I think he would make a cute local open show and 4 H horse. HOWEVER, he looks like a horse who hock injections are wearing off. He isnt driving and appears to be dropping the right hip. With his age, I would expect this. Whats your vet say about him.


----------



## jaydee (May 10, 2012)

He looks really nice but to a one time British person like me he is a western horse ridden in English tack - so I can't help at all in critique other than he does look more like a WP horse in his carriage


----------



## howrsegirl123 (Feb 19, 2012)

Thanks everyone
_Posted via Mobile Device_


----------



## Saddlebag (Jan 17, 2011)

He's what AQHA seems to want in HUS. My boy makes a beautiful western pleasure horse yet has points in HUS. As a teen and later I rode English hunters and it was very different from the AQHA version.


----------



## finn113 (Aug 21, 2012)

Personally, I have to agree with Ninamebo; I think this horse belongs in western pleasure. I know you wanted only a critique on the horse, but in order to critique his movement, I have to critique your riding b/c your riding affects his movement.
For western, he's pretty perfect so I wouldn't change anything except his tack...
For English, he needs A LOT more impulsion. I don't know what you plan to do with him, but if it involves jumping you need to push him a lot more. Your reins are way too long to give sufficient contact to his mouth and you are sitting in a kind of chair-seat position. Grab more rein and sit forward a tad bringing your leg back to align with the girth and you'll look much much better!

Now, as others suggested, if you plan to do AQHA pleasure with him, I can't help. I personally do not understand AQUA English pleasure/hunt seat because it just looks like a bunch of Western horses with English tack put on, but if that's your thing, go for it girl!

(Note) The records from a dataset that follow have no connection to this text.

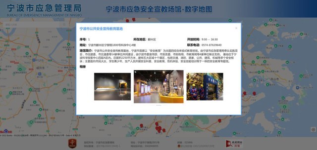 宁波市应急安全宣教场馆“数字地图”收录了全市101家通过评定的浙江省应急(安全)宣传教育体验(实训)馆,不仅包括安全生产、地震、消防、电力等各个行业领域的主题场馆,也涵盖了适合产业工人、青少年、社区居民等不同受众群体的功能模块,并配备一键全览、实时导航功能,市民通过“宁波市应急管理局”门户网站、甬派app“学习强安”学习平台等多方媒介,即可在线查看场馆的详细地址、开放时间、咨询方式、体验(实训)功能及实景照片等信息,其中一批场馆还将先行首发“主播走现场”视频,极大方便甬城市民、各类中小微企业挑选就近的、合适的应急(安全)宣传教育体验(实训)场地。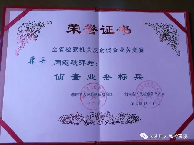 被评为“全省检察机关反贪侦查业务标兵”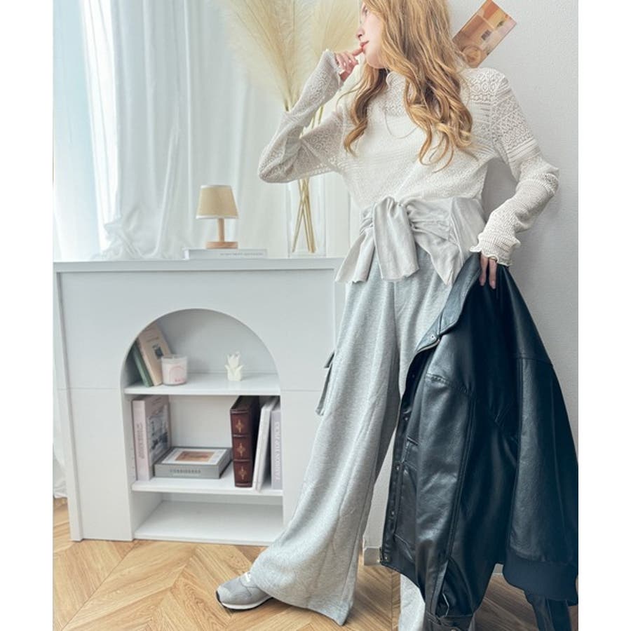 高級感もあり個性的なレーストップスですが、カジュアルにもきれいめスタイルにもハマる優れもの。
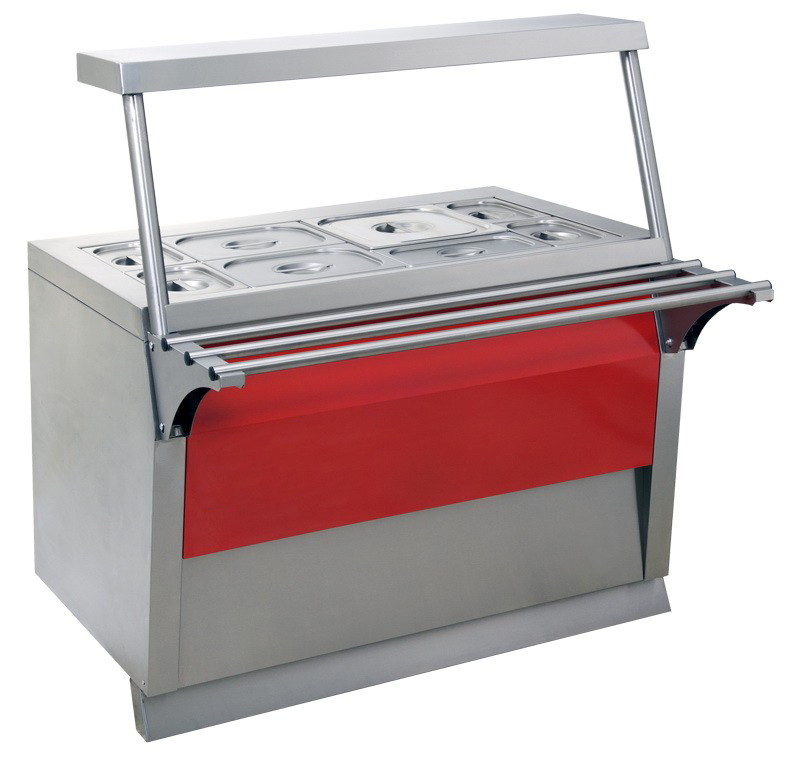 Полка. Мармит имеет встроенную полку для выкладки продуктов покупателям. Под полкой для подсветки подогреваемых продуктов установлен LED светильник. |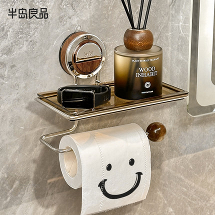 中古风吸盘卫生间厕纸盒厕所卷纸架免打孔抽纸不锈钢壁挂式置物架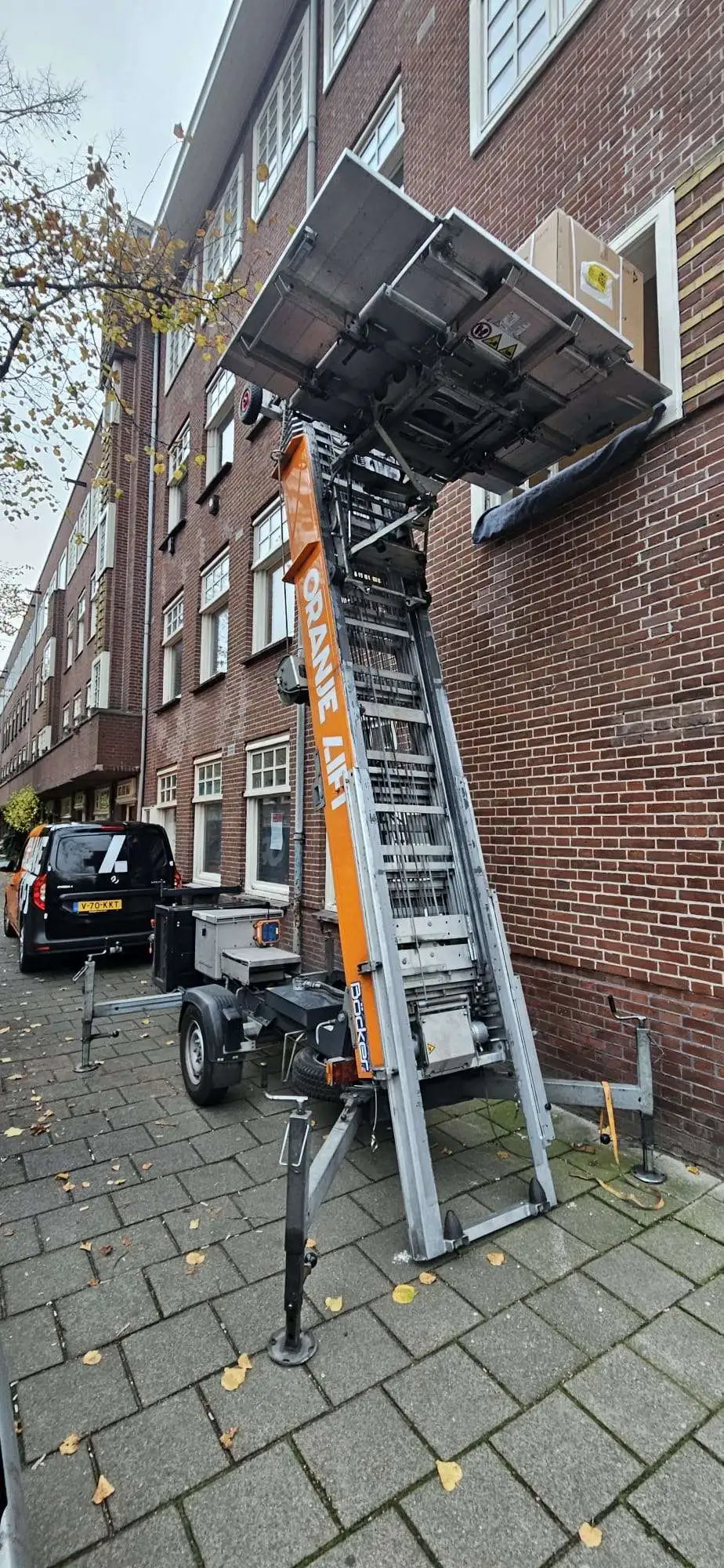 Alle aanhangerliften worden bediend door gecertificeerde operators. Zij beschermen je gevel, je meubels en je kozijnen. Schade? In 25+ jaar hebben we vrijwel nooit een schadeclaim gehad. We werken met een bedrijfsaansprakelijkheidsverzekering, voor het geval dat. Lees meer over ons team en onze werkwijze of bekijk onze recente projecten voor een impressie.

Your horse seems very honest and good moving, but for Western. I'm sure over time you could convert him to more English style, but like I said: over time.

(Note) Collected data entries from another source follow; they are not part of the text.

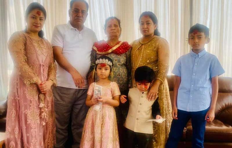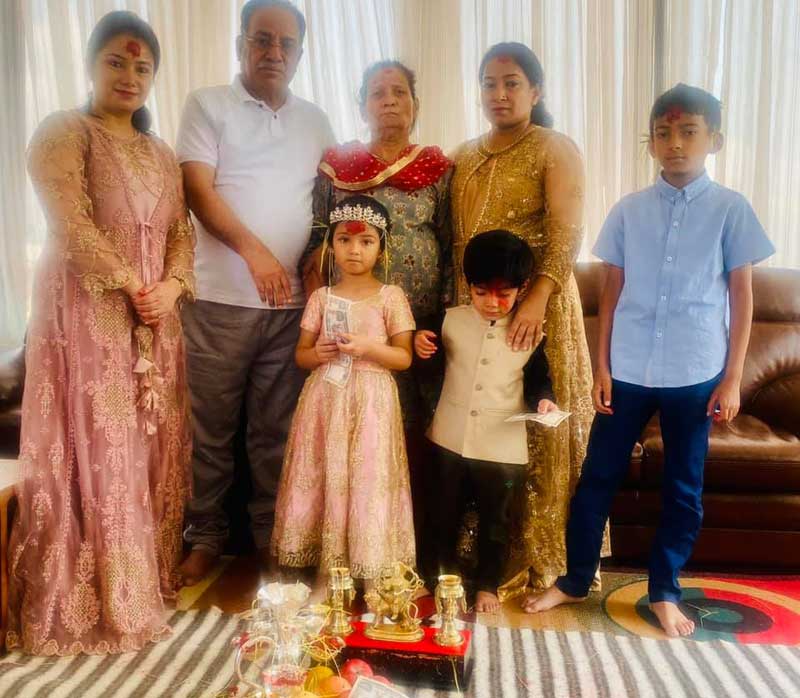 पत्नी, ज्वाइँ, छोरी र नातीनतिनाहरुलाई दाहालले दशैँको टीका लगाइदिएका हुन् ।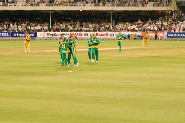South Africa celebrates taking Ricky Ponting's wicket. He's exiting from the right side of the pitch.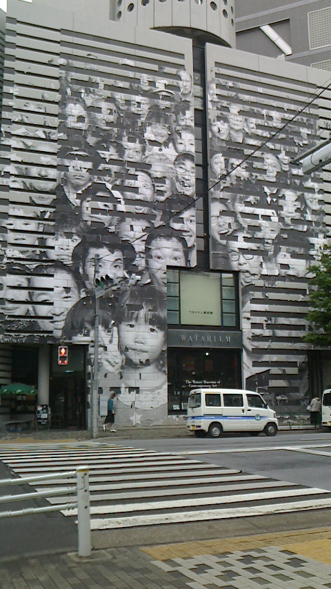 遠くからもモノクロの写真で覆われた外観はとっても目立っているので、

Also, don't ask for critique's if you don't even bother to respond to any of them and just post "bump". People take precious time out of their day to watch and comment on video's like yours, so please, be appreciative.
Also, I agree that you should never ride a horse that seems "off" or in any way lame. A part of me believes that you said that as a cover up because you believed that you didn't look good so you wanted an excuse to make yourself feel better. Not trying to be rude, just an assumption as I have done that before as well.
Oh, and helmet?... 
Happy Riding!


----------



## Roperchick (Feb 1, 2010)

you had his face tipped in when you asked for that first canter, so his weight was on his outside shoulder and that probably plays a part in why he threw his nose out and stuttered a second before picking it up.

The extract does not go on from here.